Es hatte so gut ausgesehen. Zumindest aus der Ferne. Dann flog Paul Bethke selbst nach Sri Lanka, um sich ein Bild zu machen. Er fuhr in die Berge, wo auf endlos weiten Feldern der Tee für den Export angepflanzt wird. Bethke ließ sich von hier aus grünen Tee nach Hamburg schicken. Von einer Kooperative, die Arbeitern höhere Löhne zahlt und "Fair-trade"-zertifiziert ist. Aber die Farm enttäuschte Bethke. "Die setzten ihr Geld nicht sinnvoll für die Gemeinschaft ein", sagt er. Weshalb er den Auftrag lieber an eine benachbarte Kooperative vergab. Eine, die ein Altenheim hat, einen Kindergarten und anständige Unterkünfte. "Die Teepflücker haben hier Häuser statt Hühnerställe."

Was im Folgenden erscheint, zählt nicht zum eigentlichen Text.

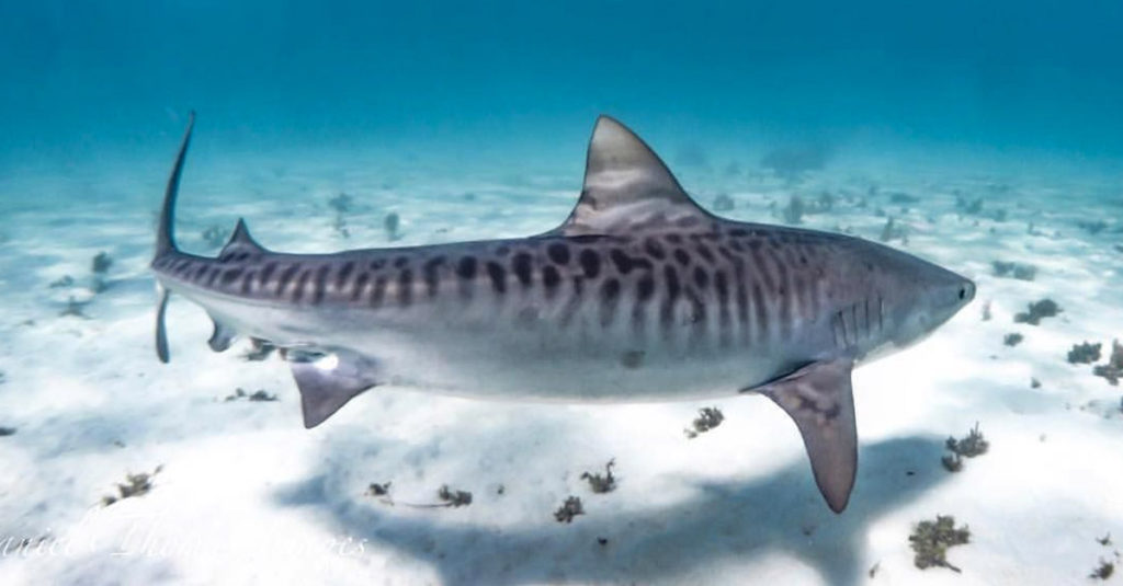 The tiger shark is a species of requiem shark and the only extant member of the genus Galeocerdo. It is a large macropredator, capable of attaining a length over 5 m. Populations are found in many tropical and temperate waters, especially around central Pacific islands. (Text source: Wikipedia https://en.wikipedia.org/wiki/Tiger_shark)
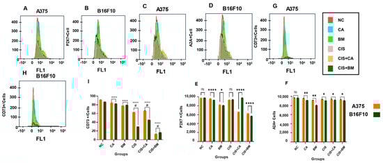 CD73-positive cells were shown diminished with CA, BM, CIS, and the combinations of CIS + CA and CIS + BM treatments in A375 and B16F10 melanoma cell lines when compared to the negative control group (Figure 7I).
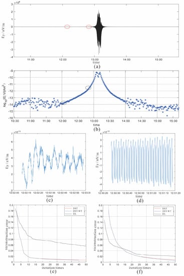 Figure 11c,d are selected from the time sequence, and their location are illustrated by the black circles in Figure 11b. It appears that the data presented in Figure 11c correspond to the part that suffers from the influence of noise and the data in Figure 11d is affected less by noise. Figure 11e is the reconstruction error of the first segment under three different dictionaries. DST and DST-wavelet dictionaries all have good convergence performance, and the performance of DST-wavelet dictionary is a little better than single DST dictionary. After 15 times of iteration, the reconstruction error stops to reduce for the learned dictionary. The reason for this phenomenon is that this segment still suffers from the influence of noise. This phenomenon changes in Figure 11f, where the target segment suffers less from noise.
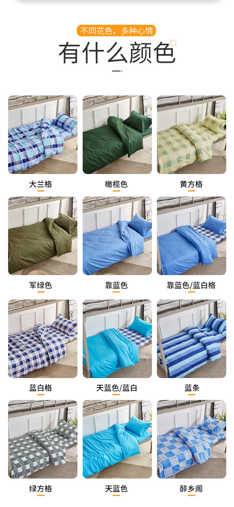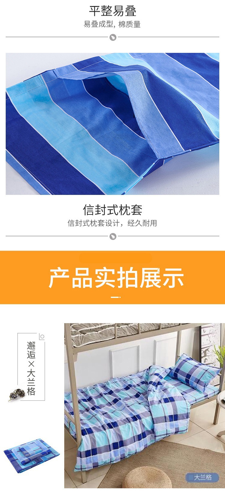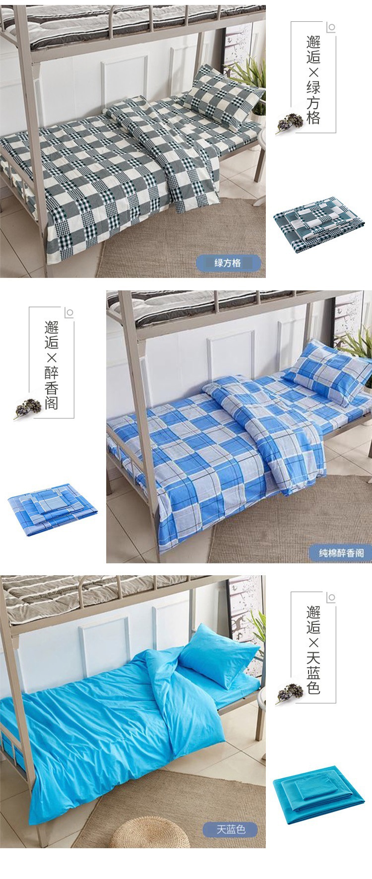 제조업체 도매 학생 기숙사 순면 3종 세트 학교 파란색 격자 무늬 침대 시트 이불 커버 군사 훈련 기숙사 3종 세트스토어 가기
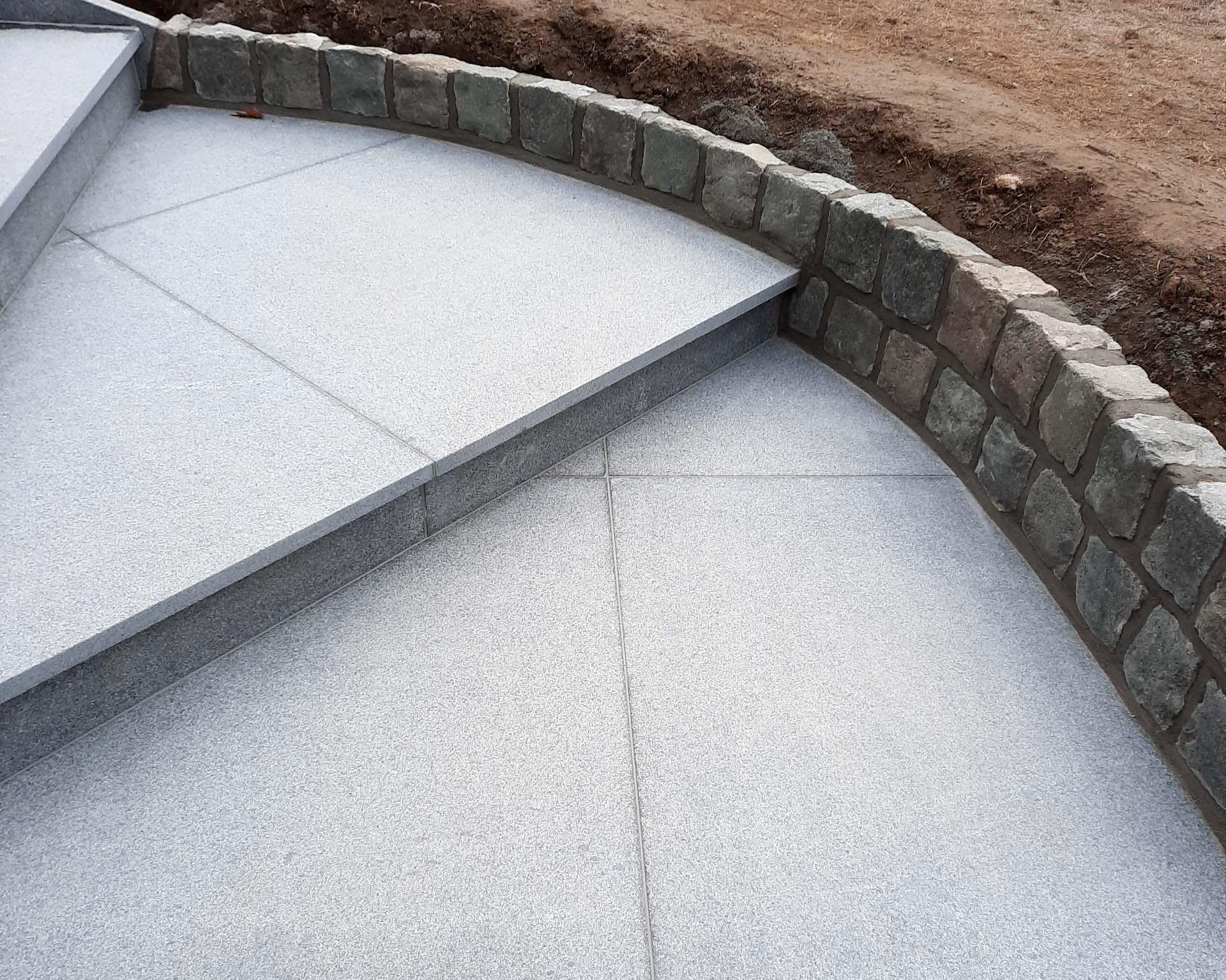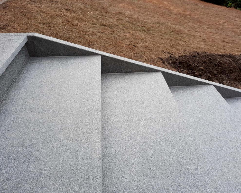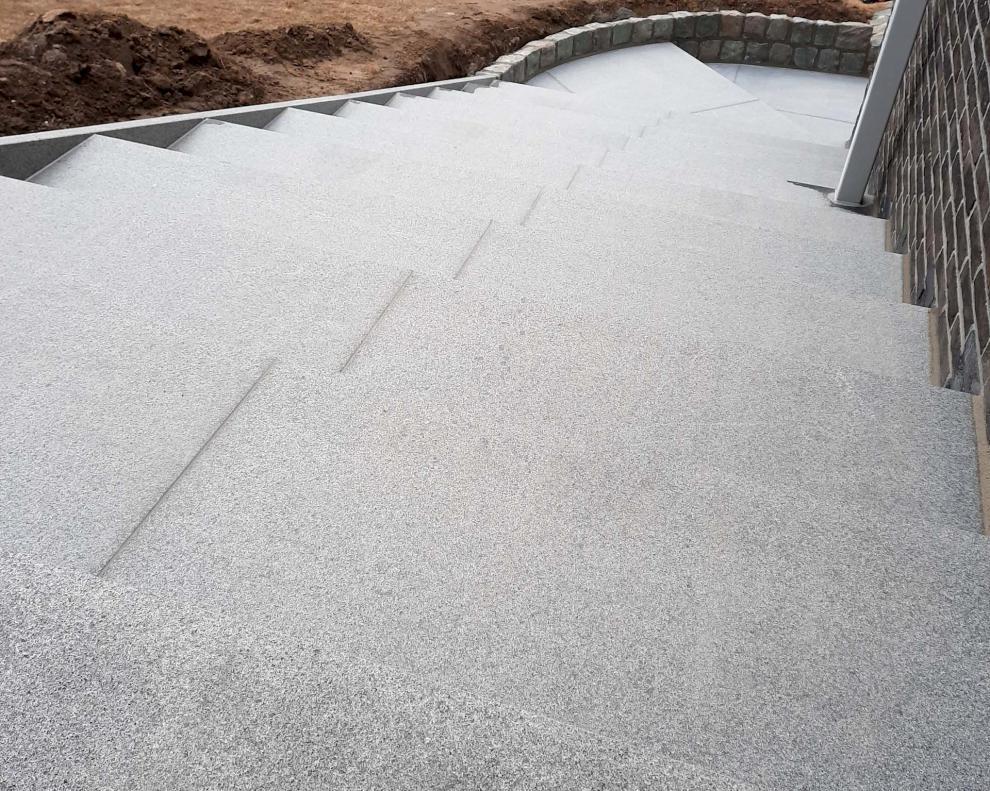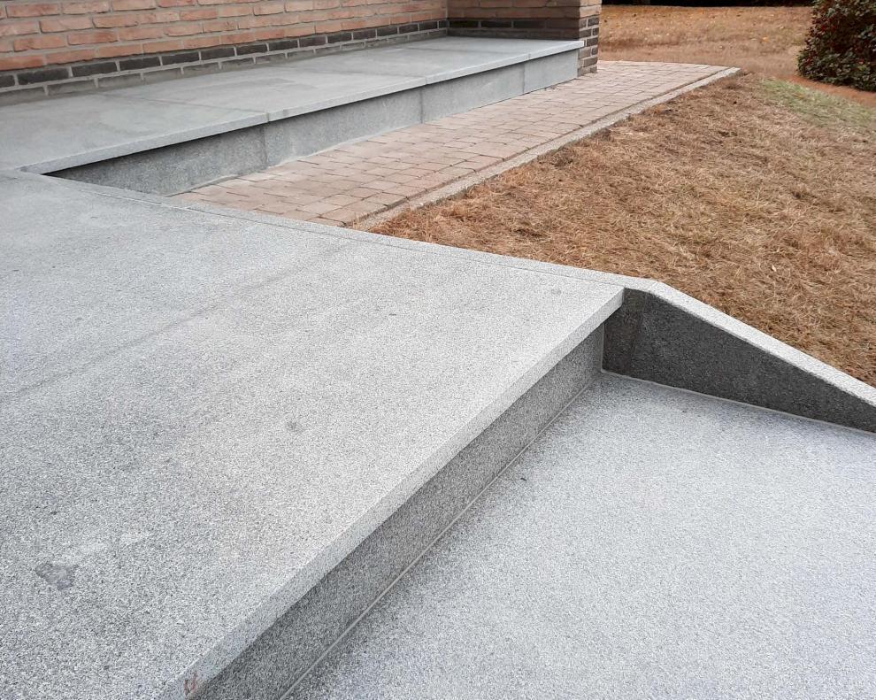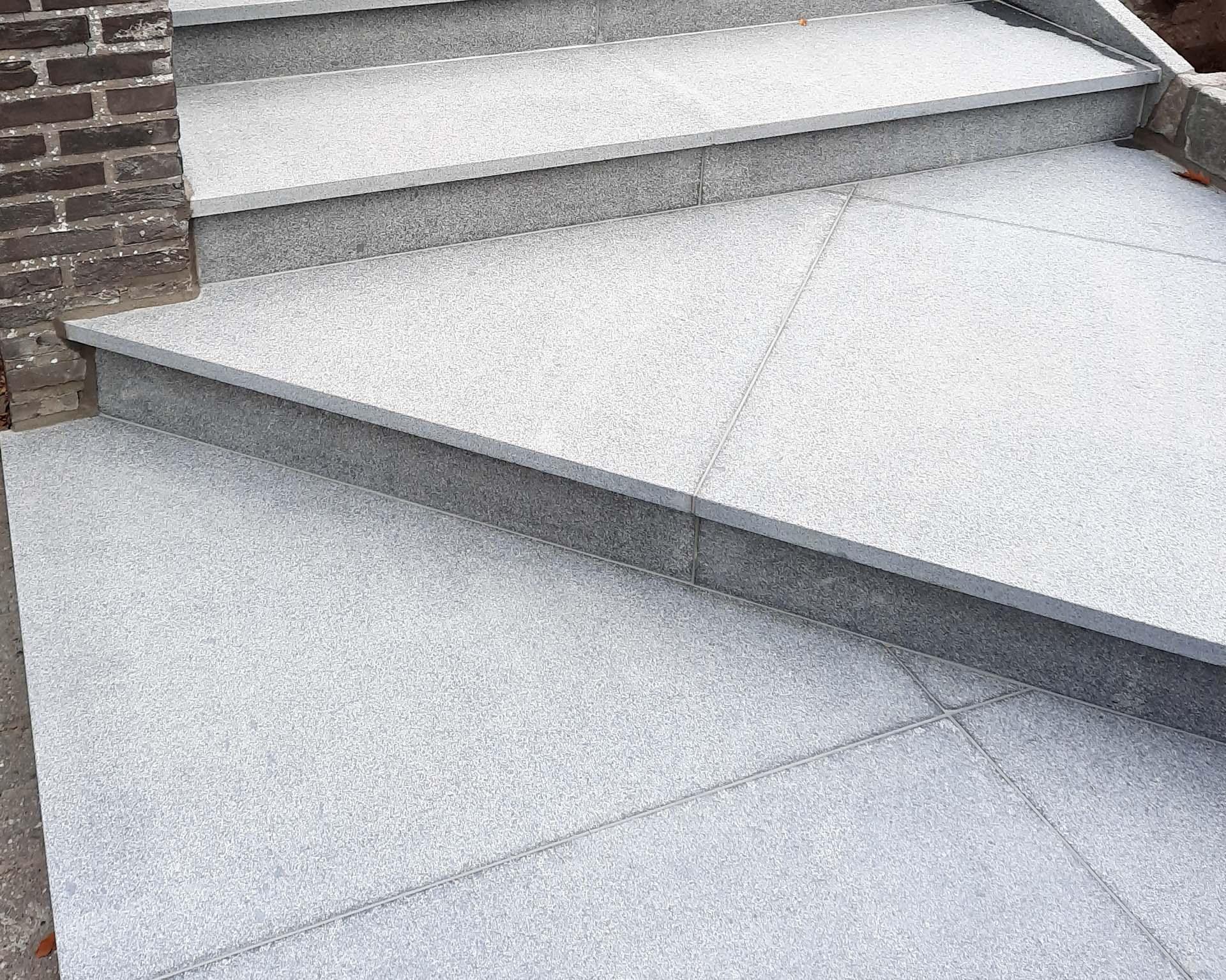 Het gaat om meer dan 20m² trap omdat deze zeer breed en diep is, bij natuursteen maatwerk zouden de kosten hoog oplopen.
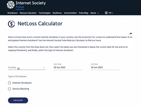 The Pulse Shutdowns tracker maps ongoing and past Internet shutdowns across the world. It shows detailed information on each shutdown event, such as which online services and regions are affected.
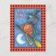 PINK FLAMINGO WITCH, FLYING OVER MOON ON A BROOM HOLIDAY POSTCARD
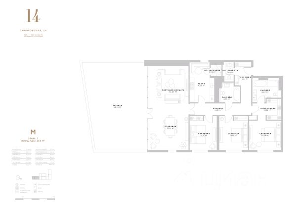 Продается просторная квартира площадью 152.10 м2 в жилом комплексе ДОМ XXII. Квартира находится в 3 секции корпуса 1. Этаж 3-й из 12. Квартира без чистовой отделки, с просторной кухней 40.90 м2. Жилая площадь 55.30 м2. Высота потолка от 3.50. ДОМ XXII расположен в Хамовниках - одном из самых респектабельных и тихих районов Москвы. Прямо напротив дома - Новодевичий монастырь, по соседству - Саввинская набережная Москвы-реки и сквер Девичьего поля. Расположение дома позволяет за считанные минуты добраться до всех знаковых мест столицы. Например, на автомобиле до Садового кольца 5 минут, до Дома Правительства - 8, до Кремля - 10. Неоклассический архитектурный проект переменной этажности (9-12 этажей) выполнен мастерской "Сергей Киселев и Партнеры". Фасады облицованы натуральным мрамором и гранитом, их оригинальный декор создан Андреем, Павлом и Петром Наличами. Благородный силуэт дома подчеркнут французскими балконами и моллированным остеклением на углах. В доме всего 109 квартир: лоты с патио, пентхаусы с панорамными террасами и возможностью установки камина, а также классические элитные квартиры с большими гостиными, мастер-спальнями, приватными ванными и гардеробными, террасами и лоджиями. У дома предусмотрена зона дроп-офф. В интерьерах лобби использованы люксовые отделочные материалы, эксклюзивные световые инсталляции, декоративное озеленение. Премиальную атмосферу дополняют зенитный фонарь с естественным светом, водопад, лаунж у камина и библиотека. Площадь лобби 660 м2, высота потолков - до 6,5 м. Двор превращен в тихий усадебный парк площадью 490 м2. Здесь создана приватная атмосфера для уединенного отдыха: дубовая аллея, пруд с живописным мостиком, галерея-берсо, зеленые комнаты, садовый камин, фонтаны. Для детей - игровая площадка. Для занятий спортом - воркаут. Предусмотрен контроль доступа на территорию, круглосуточная охрана, видеонаблюдение. Неподалеку находятся лучшие школы: 57, 1535, Филипповская школа, школа "Золотое Сечение". Для знатоков гастрономии рядом - лучшие рестораны: Verd, Peach, "Сахалин", Modus, Soho Rooms, модный гастрономический кластер "Усачевский рынок". Для занятий спортом - спортивный комплекс "Лужники". Для ценителей искусства - Московский дворец молодежи
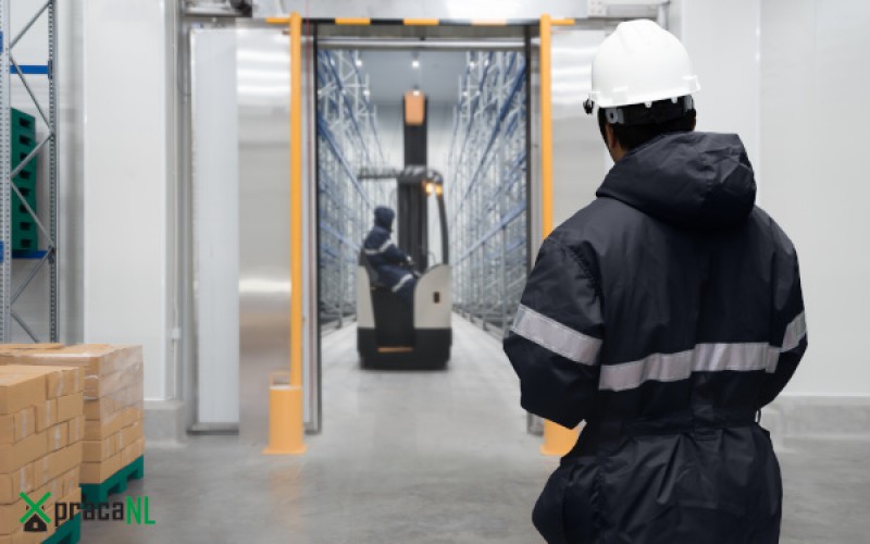 Pracujesz na reachtruckach BT/Toyota – zamknięte kabiny, ogrzewanie i radio. Sporadycznie trzeba wyjść z wózka, by przełożyć karton lub oznaczyć paletę. Środowisko chłodnicze (część hal do -20°C).
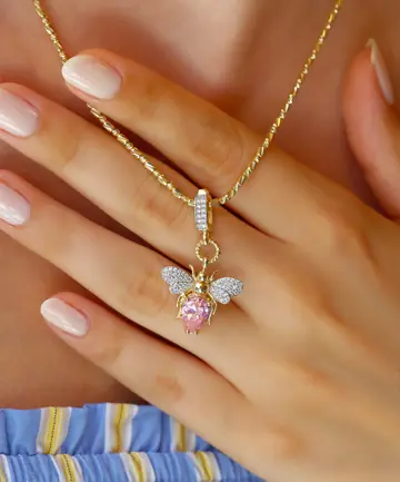 Bee Mine Altın Arı Pembe Taşlı Kolye Ucu

Lemonaid-Gründer Jakob Berndt, Paul Bethke (re.): Trinken hilft

Lemonaid-Gründer Jakob Berndt, Paul Bethke (re.): Trinken hilft

(Foto: engerfoto.de)

Der Wechsel kam teuer. Er müsse der zweiten Kooperative deutlich mehr Geld bezahlen, erzählt der 30-Jährige. Was für viele Unternehmer ein guter Grund wäre, anderswo einzukaufen. Nicht so für Bethke. Im März 2009 hat er mit seinem Schulfreund Jakob Berndt, 30, eine etwas andere Getränkefirma gegründet. Nun sitzen die beiden in verwaschenen Jeans und Turnschuhen im Hamburger Stadtteil St. Pauli in einer ehemaligen Fabrik, die ihnen als Büro dient, und erzählen ihre Geschichte: Seit zwei Jahren verkaufen sie fünf Sorten Eistee und Limonade mit so hübschen Wohltäter-Namen wie "Charitea" und "Lemonaid".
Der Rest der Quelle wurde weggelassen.